New entry in this series I love about explaining mathematics and engineering concepts without equations. This time we get to see the Nyquist-Shannon Sampling Theorem.
For those who don’t know it, the sampling theorem was formulated by Nyquist in 1928, and proven by Shannon in 1949, and is one of the cornerstones of digital signal processing.
The most well-known formulation of the theorem is that to be able to reconstruct a sampled signal, the sampling frequency must be greater than twice the bandwidth.
And now normally a mathematical spiel would follow to prove this. Which is precisely NOT the goal of this post, but quite the opposite.
Don’t get me wrong, I love equations. But if explaining something requires two pages of math, maybe your teacher didn’t fully understand it (and you risk forgetting it in a ‘snap’).
So, what’s all this mystique and endless articles about the “saaaampling theoreeeem” about? But, before we get to that, we need to start by remembering what a sampled signal is.
Sampled Signals
Let’s assume a “real” signal from the physical world, such as an audio signal or an electromagnetic one. In general, these “real” signals are variations in the measurement of a magnitude. With few (and contrived) exceptions, physical signals are always analog.
In this context, momentarily away from the blackboard and the math book, by “real” and analog we mean signals that are not continuous, not periodic, with infinite detail and even their fair share of noise. A real signal party, in short.
For example, the following is an audio signal captured with a microphone.

If I want to digitally store this “real” analog signal, it doesn’t fit. I would need infinite memory to store its infinite level of detail. So I have to simplify it somehow. And simplifying almost always means losing information.
The simplest and most intuitive way to digitize our “real” signal is to sample it, that is, take measurements at regular intervals and store them. This list of numbers is our digital signal.

Then, if I have to reconstruct the analog signal from the data, I have various ways, like “playing connect the dots”, or more or less sophisticated interpolations, depending on how much I want to strain my brain and how much computing power I have.
An obvious characteristic of the sampling process is that the closer the points are, i.e., the higher my sampling frequency, the more details of the signal I will capture.

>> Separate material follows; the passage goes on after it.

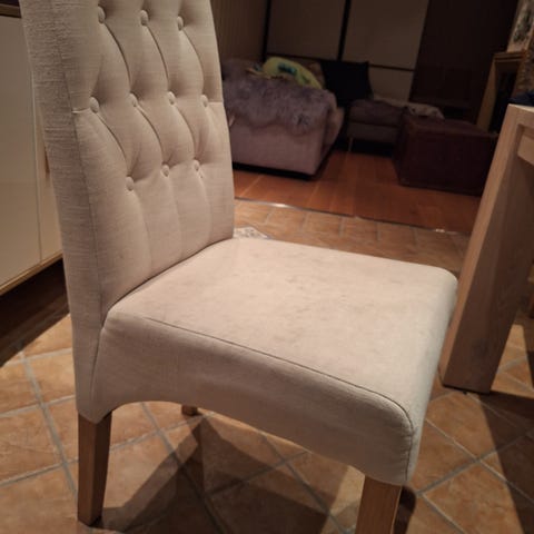 Fra Jysk. Fine gode hvite ute stoler- også vært brukt inne noen sesonger som spisestue stoler. fine, nyvasket og beina er nylig pusset og lakket - stødig og behagelig å sitte i .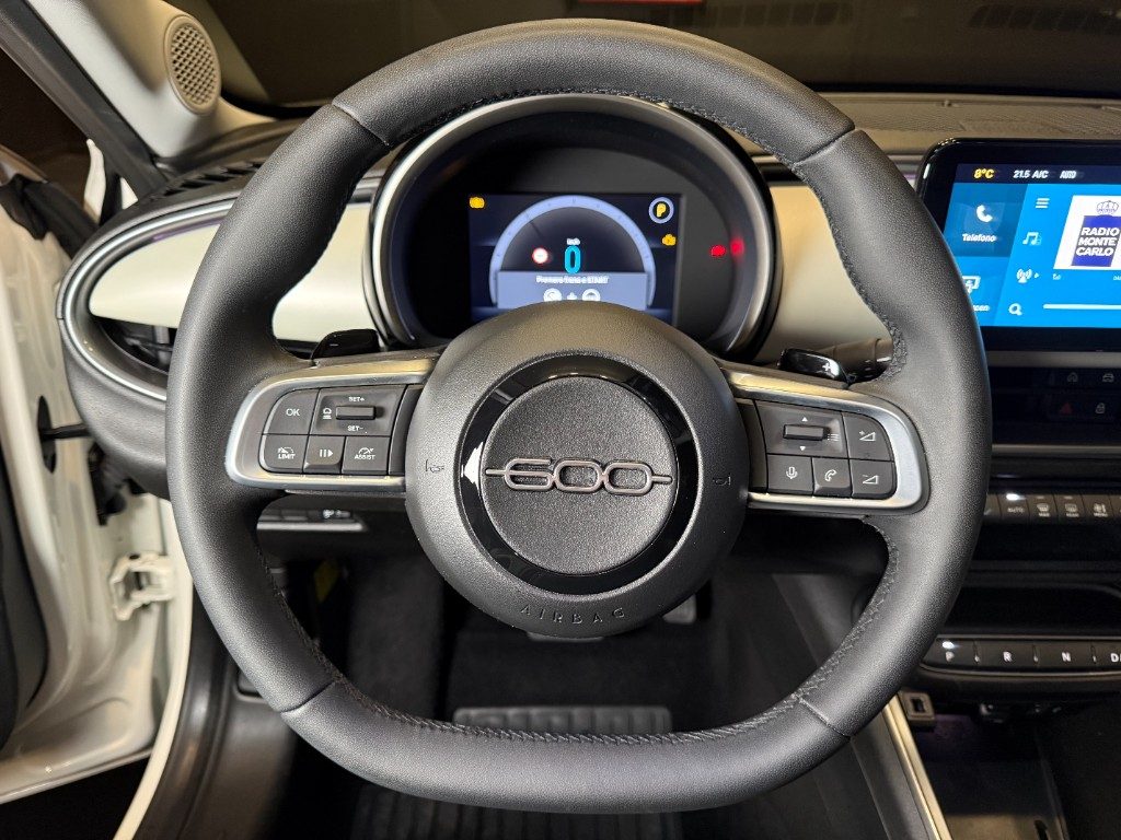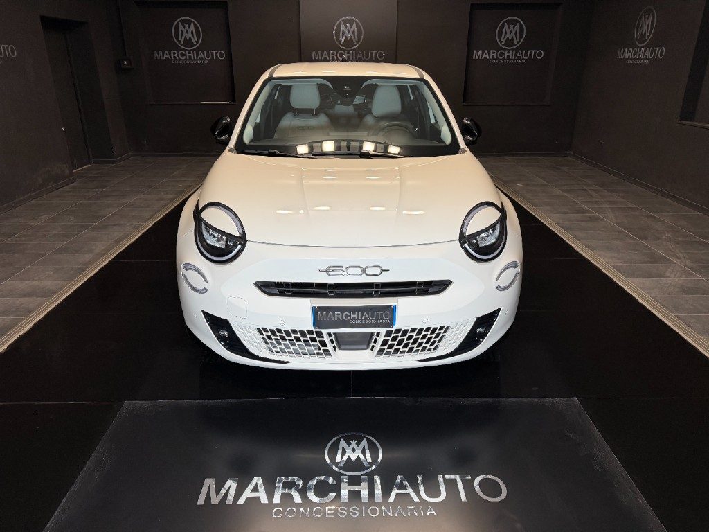 Marchi Auto propone Fiat 600 Hybrid 100 CV DCT MHEV La Prima usata, auto dotata di motore 1199cc 6T ad alimentazione ibrida, funzionante ad energia elettrica e benzina. cambio automatico a 6 marce, 14 cavalli fiscali / 74 kwatt. Carrozzeria di colore bianco pastello, auto omologata per 5 persone. Gli interni di questa FIAT 600 sono in pelle colore beige. Optionals inclusi nel prezzo: 360° camera, ABS, Adaptive Cruise Control, Airbag, Airbag laterali, Airbag Passeggero, Alzacristalli elettrici, Android Auto, Apple CarPlay, Autoradio, Autoradio digitale, Bluetooth, Boardcomputer, Bracciolo, Cerchi in lega, Chiusura centralizzata, Climatizzatore, Controllo trazione, Controllo vocale, Cruise Control, ESP, Fari LED, Fendinebbia, Frenata d'emergenza assistita, Immobilizzatore elettronico, Isofix, Luci diurne, MP3, Riconoscimento dei segnali stradali, Sedili massaggianti, Sensore di pioggia, Sensori di parcheggio anteriori, Sensori di parcheggio posteriori, Servosterzo, Sistema di navigazione, Sound system, Specchietti laterali elettrici, Telecamera per parcheggio assistito, Touch screen, USB, Vetri oscurati, Vivavoce, Volante multifunzione. MARCHIAUTO

And conversely, if I space them further and further apart, I’ll end up with a potato of a digital signal, because if my sampling frequency is very small compared to the signal’s frequency, I lose a lot of information. Between two points there can be a peak, a smooth curve, 20 oscillations… a camel, an elephant, anything (which, on the other hand, may or may not interest me).

Well, this same thing worried Nyquist, Shannon (and others) 100 years ago, and that’s what the sampling theorem is about, how the spacing between points affects the quality of the sampled signal.
Signal Spectrum
Our “real” signal is continuous, infinitely detailed, and also made up. I’ll draw one, and you’ll draw a different one. So we won’t be able to draw many conclusions this way.
To draw relevant theoretical conclusions it is convenient to move to the frequency domain, that is, to look at the signal in an alternative representation as a summation of sinusoidal signals.
The frequency domain is something that seems hard to understand… but everyone easily understands the equalizer on the car radio. Well, it’s the same thing, considering the signal formed by waves of different frequencies, low, high…
To go from the time domain to the frequency domain we use the Fourier integral Transform. Specifically, we will use one of its versions such as the DFT (Discrete Fourier Transform) and the FFT algorithm (Fast Fourier Transform). But, for our explanation, it’s the same.
This transform allows us to treat (or see, or conceive) our signal in a different way, but without changing it (that’s why it’s a transform, not a Fourier change). Simply, instead of treating it as a function of the signal’s magnitude at each instant of time, now we treat it as a function that encodes the amplitude of its frequency components.
By moving our signal to the frequency domain, we obtain this function which we will call the spectrum of the function. If our “real” function was continuous, non-periodic, blah blah blah…, its spectrum will also be continuous, non-periodic, with noise, blah blah blah.
So what’s the point then? Why have we done all this? Because now, if we can know what happens to a sinusoidal signal of a certain frequency when we sample it, we can deduce what will happen to the “real” signal (or at least part of it) when we sample it.
Well, let’s go, let’s take our signal from the previous point and do a Fourier transform on it and we see… that I’ve tricked you. Actually, I generated it with the sum of four sine signals, with made-up frequencies and amplitudes.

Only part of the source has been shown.